Dear parents of middle school students,

This beautiful spring weather with these wonderfully warm days are reminders of many things, such as picnics in the woods, trips to the beach, or bike rides through the park. For our middle school students these warm days bring another reminder: the need for personal hygiene. I recognize that this is not at all poetic, but it is nonetheless important. Please talk with your child to remind him or her that it is our responsibility to be clean and follow these recommendations as a benefit to your child, as well as the classroom.

The most basic of all hygiene rituals is the shower or bath. Your son or daughter should shower every day and always after any rigorous sports practice or outdoor play. Please make sure that your child has washcloths and soap available, and ask your child to use them. Please also make sure that your child has any special face or body washes specific for her or his skin type.

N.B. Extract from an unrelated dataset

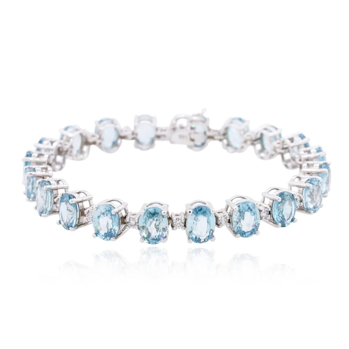One electronically tested 14KT white gold ladies cast topaz and diamond bracelet with a hidden box clasp with a bright polish finish. Measurements: 7" in length. Identified with markings of "14K". Condition is new. Containing: Twenty prong set oval modified brilliant cut natural blue topazes, measuring 8.00 x 6.00 x 3.90mm, approximate total weight of 27.80ct., clarity is eye clean, type I, medium light, very slightly grayish, blue color, (GIA B 4/3), cut is good. Twenty prong set round brilliant cut diamonds, measuring 2.20 - 2.20 x 1.32mm (depth est.) approximate total weight of 20 Stones = 0.78ct. Clarity: I-1. Color: H - I, Cut is Good. Colored gemstones are presumed to have been subjected to commonly used enhancement processes. All diamonds and colored gemstones are graded in the mounting, unless otherwise stated. Total Weight of Colored Stones 27.80ct. Total Weight of Diamonds 0.78ct. Total Weight of Bracelet 22.40 grams. GGL Appraised at $8,965.00.
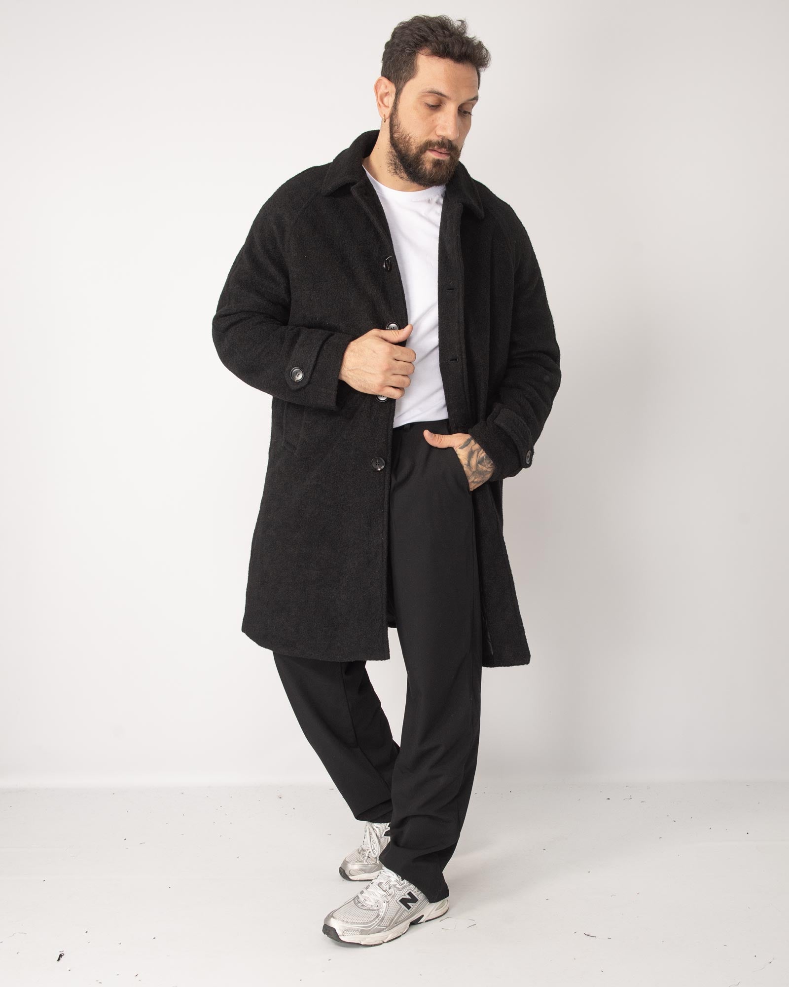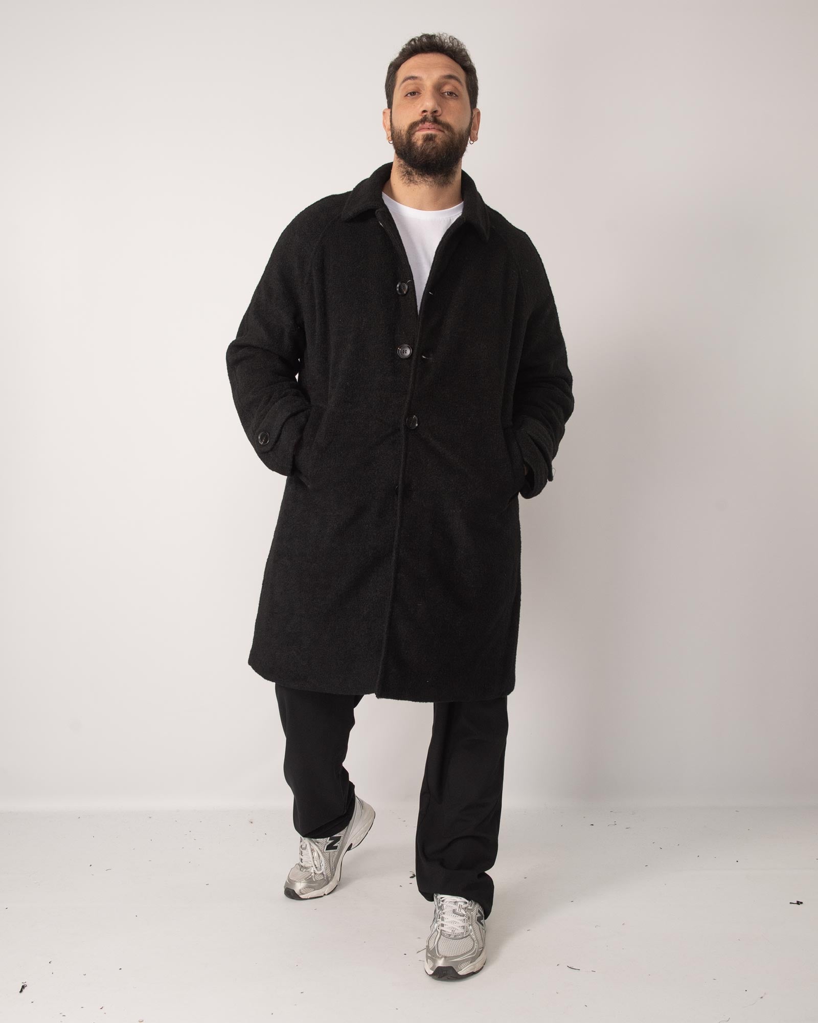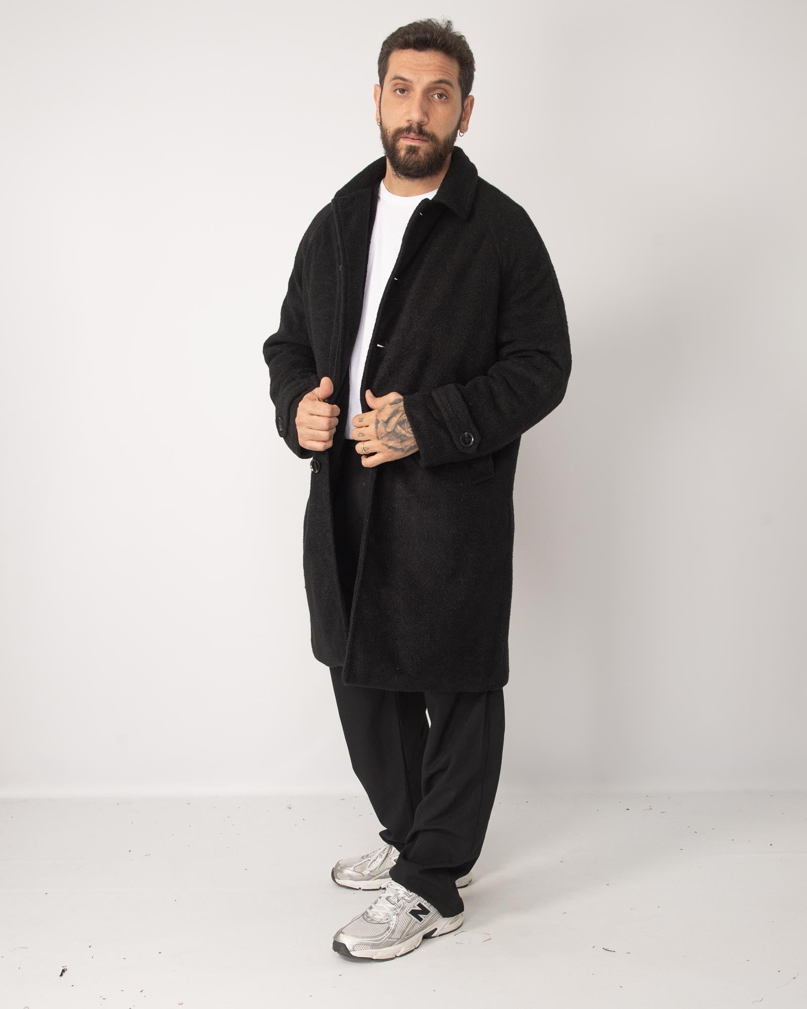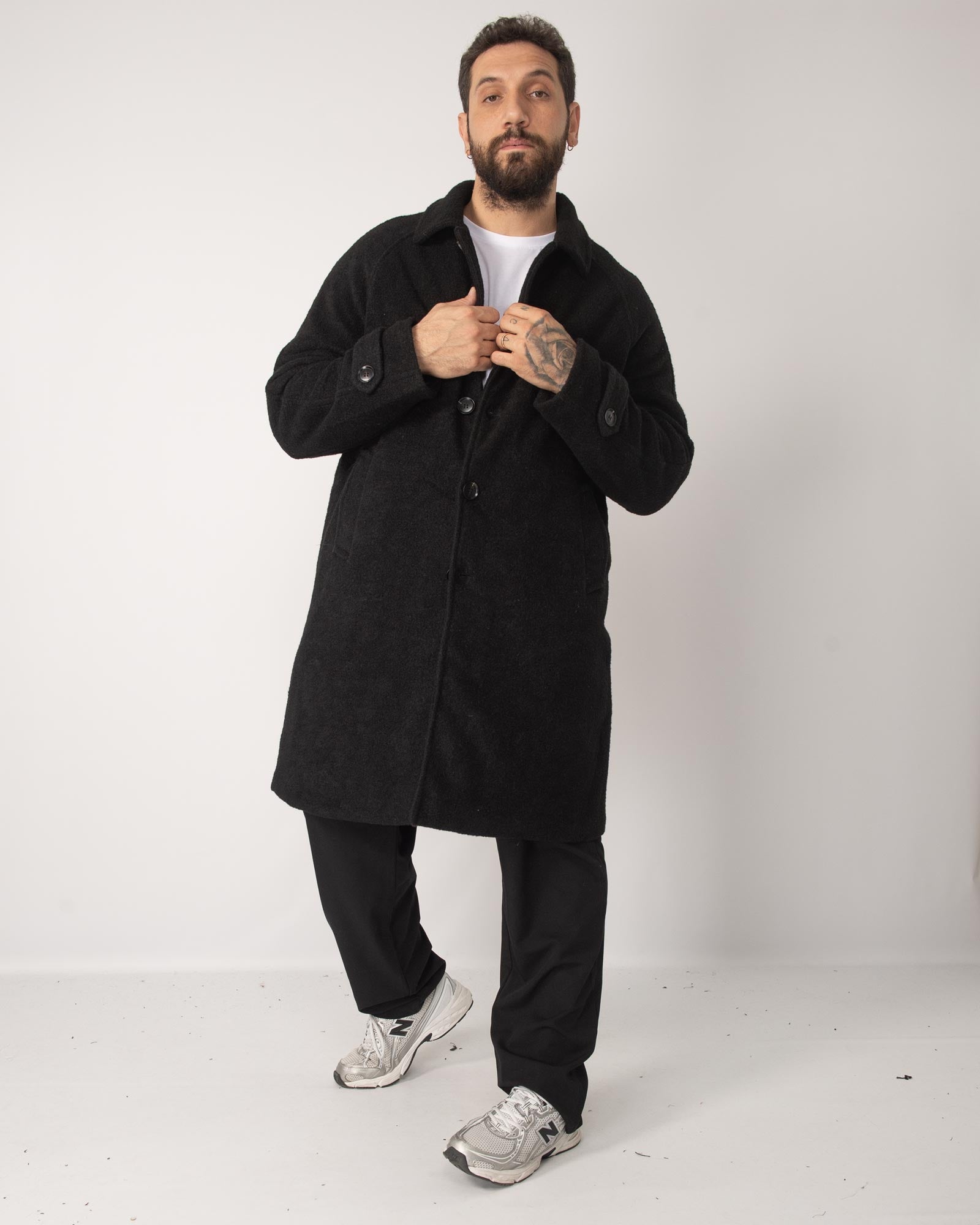 Cappotto oversize realizzato in tessuto con texture bouclé. Collo college e maniche lunghe rifinite con polsino abbottonato. Tasche a filetto sui fianchi e dettaglio tasca interna. Orlo con spacco centrale posteriore. In foto è indossata la taglia XL per altezza 1,85cm e peso 97kg.

Body odor becomes evident when puberty hits. Help your child understand the difference between deodorant, which controls bacteria while often adding fragrance, and antiperspirant, which is supposed to stop or limit sweating. It is important to let your child know that individuals often cannot smell their own body odor and therefore may have a real need to use deodorant, even if they can’t smell themselves. Please help your child pick out an appropriate and healthy deodorant.

Many middle school kids find that their hair is now getting oilier, so encourage a thorough shampooing every day or two. Keeping hair clean and out of his or her face will also lessen breakouts caused by oil and greasy hair products.

Brushing teeth is important so make sure that your child makes time to do it. It may bother you and me to think about the fuzzy feeling of dirty teeth, but some kids just hate to brush their teeth! Please be persistent with them and talk about gingivitis, cavities, and bad breath. Again, we don’t usually recognize this in ourselves.

Remind your child that wearing clean clothes is important. Dirty clothes can be unhealthy and odorous (again, without our knowledge) because people often can’t recognize their own smell. Clean socks and underwear are especially important!

Our teachers will be talking to their classes. However we have found in the past the most effective teachers of good hygiene are parents. Please be diligent and help your child understand and use good hygiene practices. Help them look, feel, and smell as beautiful as they are!

With thanks,

Pete Lavaroni

Mr. Lavaroni is the principal at Kittredge School, a private K-8 school in San Francisco, CA.